Exercise - Down to the last line, repeat the entries exactly and drop any image.

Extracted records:
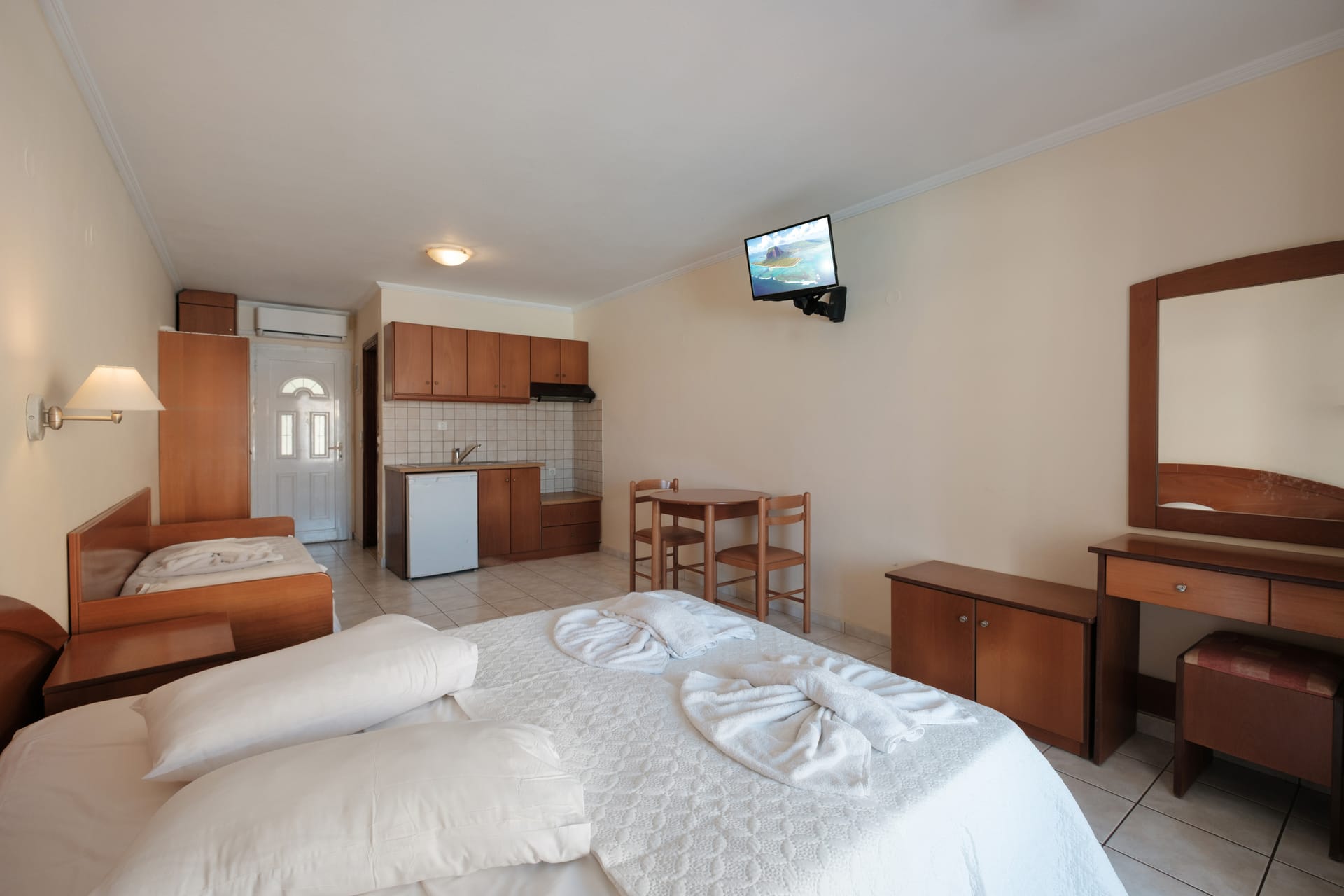Practical and bright, our Standard Studios offer ~24 m² of space with a double or twin set up and the option for one extra bed. Expect a mini fridge, tea & coffee set, air conditioning and Wi Fi. Housekeeping three times weekly.
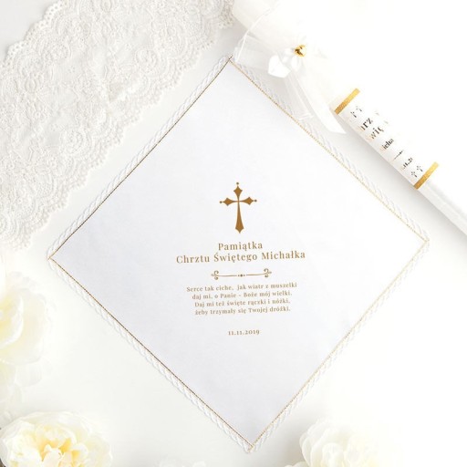 Хустка для хрещення, прикрашена золотим хрестиком і золотою окантовкою. Елегантний сувенір на пам'ять про хрещення, прикрашений відбитком імені дитини та дати церемонії. Це гарний подарунок як для хлопчика, так і для дівчинки.
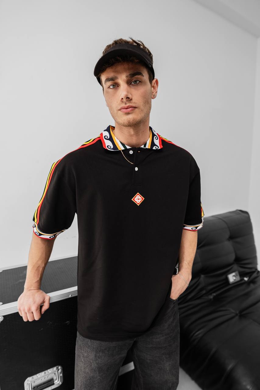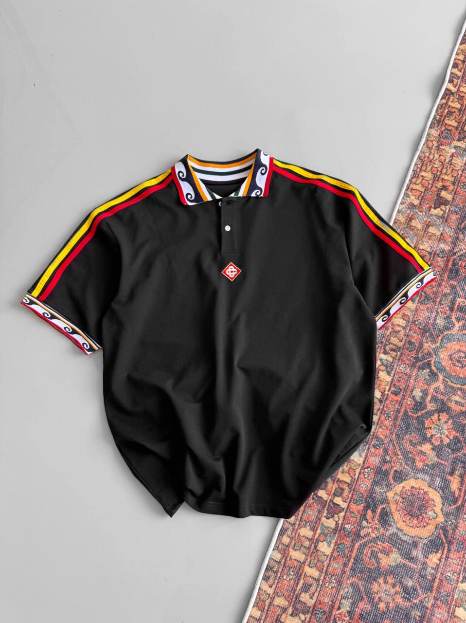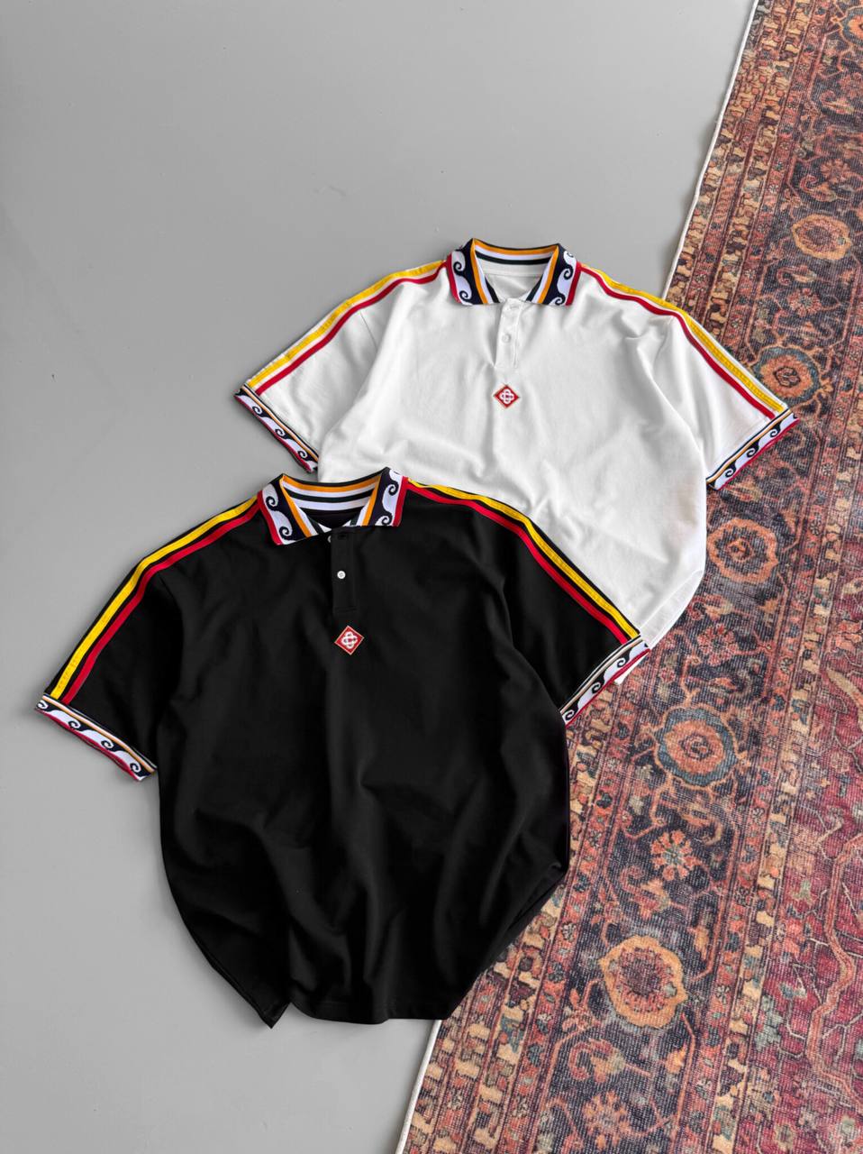 Ethnic Trim Oversized Polo T-Shirt – White Unisex Streetwear ‐ Black / S
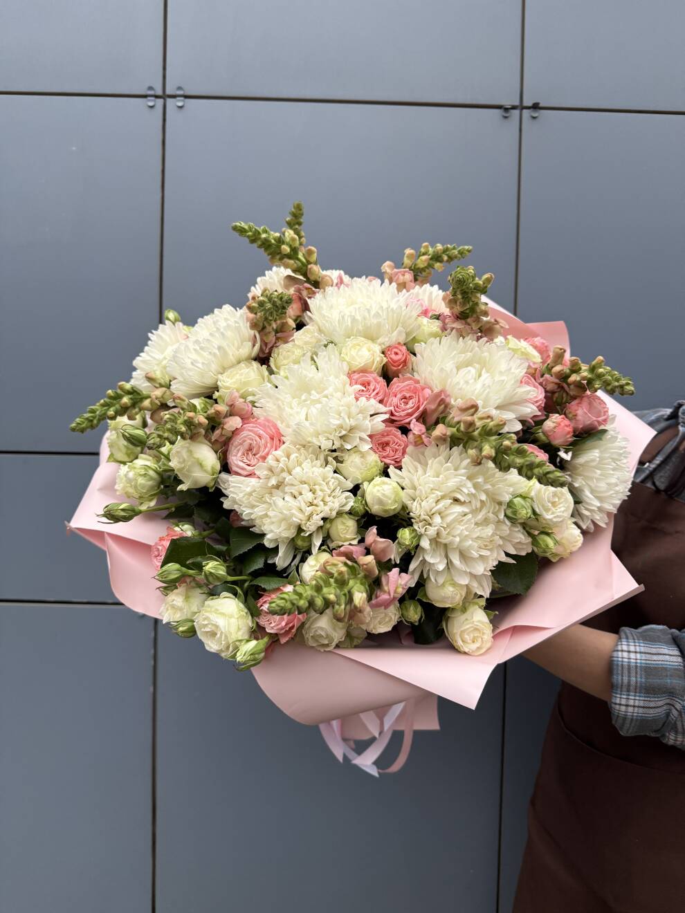 Каждый букет создается с уникальным творческим подходом наших флористов, учитывая ваши предпочтения и доступность самых качественных цветов. Мы оставляем за собой право заменять некоторые цветы на аналогичные в зависимости от времени года. Цены на сайте указаны для лучшего понимания размера композиции и для удобства заказа.
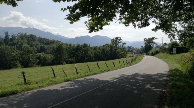 In Albi doen we gauw een paar boodschappen bij de Casino Géant en dan vatten we definitief de reis aan… We beginnen met een stukje snelweg, richting Toulouse, tot we moeten betalen (daar houden we niet van, hihi). Vanaf dan rijden we uitsluitend over routes départementales. Het leuke is dat we iets voorbij Toulouse de D632 oppikken en die volgen we helemaal tot Tarbes. Het landschap is nergens spectaculair, maar hier en daar zeker mooi te noemen. Vooral in het departement Gers, vinden wij, waar veel zonnebloemvelden zijn.
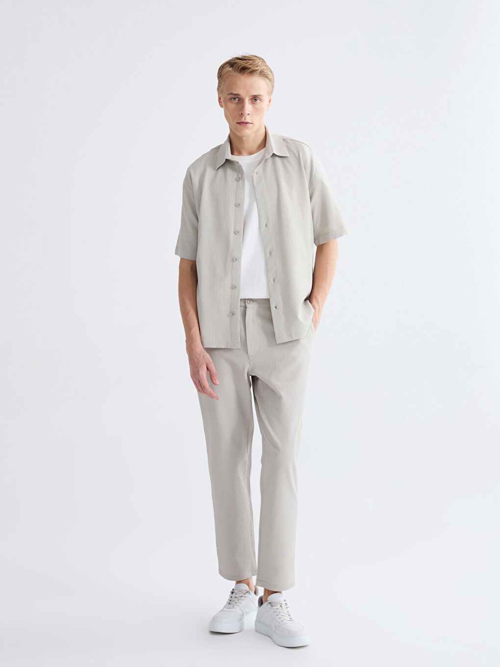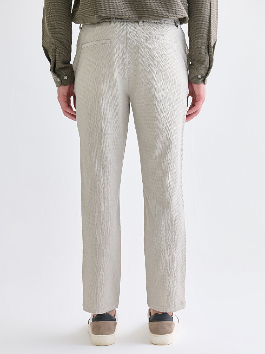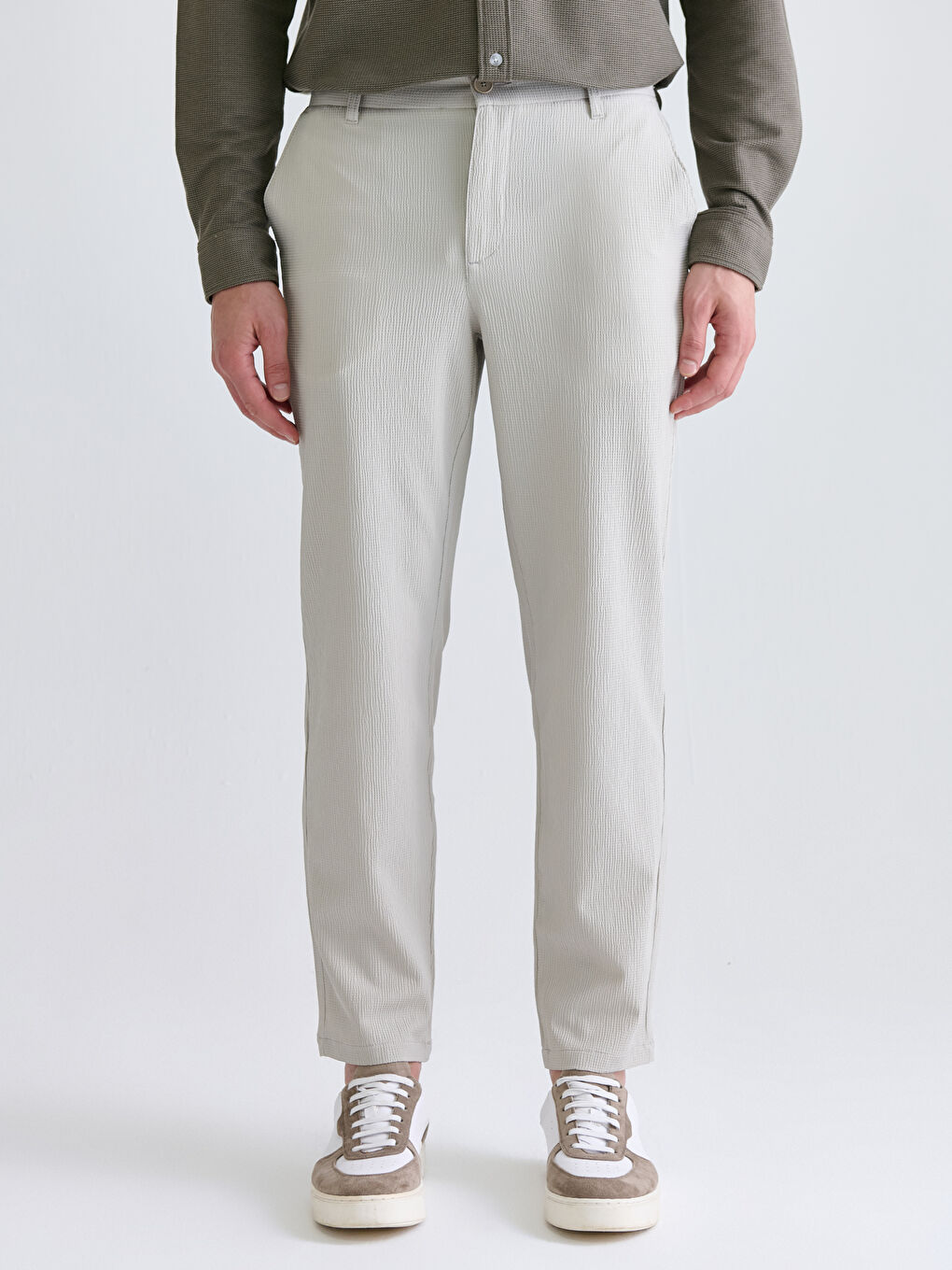 این شلوار مردانه با فیت استاندارد، از پارچه چیندار ساخته شده و برش دمپا راستهای دارد.

Task solution -
Practical and bright, our Standard Studios offer ~24 m² of space with a double or twin set up and the option for one extra bed. Expect a mini fridge, tea & coffee set, air conditioning and Wi Fi. Housekeeping three times weekly.
 Хустка для хрещення, прикрашена золотим хрестиком і золотою окантовкою. Елегантний сувенір на пам'ять про хрещення, прикрашений відбитком імені дитини та дати церемонії. Це гарний подарунок як для хлопчика, так і для дівчинки.
 Ethnic Trim Oversized Polo T-Shirt – White Unisex Streetwear ‐ Black / S
 Каждый букет создается с уникальным творческим подходом наших флористов, учитывая ваши предпочтения и доступность самых качественных цветов. Мы оставляем за собой право заменять некоторые цветы на аналогичные в зависимости от времени года. Цены на сайте указаны для лучшего понимания размера композиции и для удобства заказа.
 In Albi doen we gauw een paar boodschappen bij de Casino Géant en dan vatten we definitief de reis aan… We beginnen met een stukje snelweg, richting Toulouse, tot we moeten betalen (daar houden we niet van, hihi). Vanaf dan rijden we uitsluitend over routes départementales. Het leuke is dat we iets voorbij Toulouse de D632 oppikken en die volgen we helemaal tot Tarbes. Het landschap is nergens spectaculair, maar hier en daar zeker mooi te noemen. Vooral in het departement Gers, vinden wij, waar veel zonnebloemvelden zijn.
 این شلوار مردانه با فیت استاندارد، از پارچه چیندار ساخته شده و برش دمپا راستهای دارد.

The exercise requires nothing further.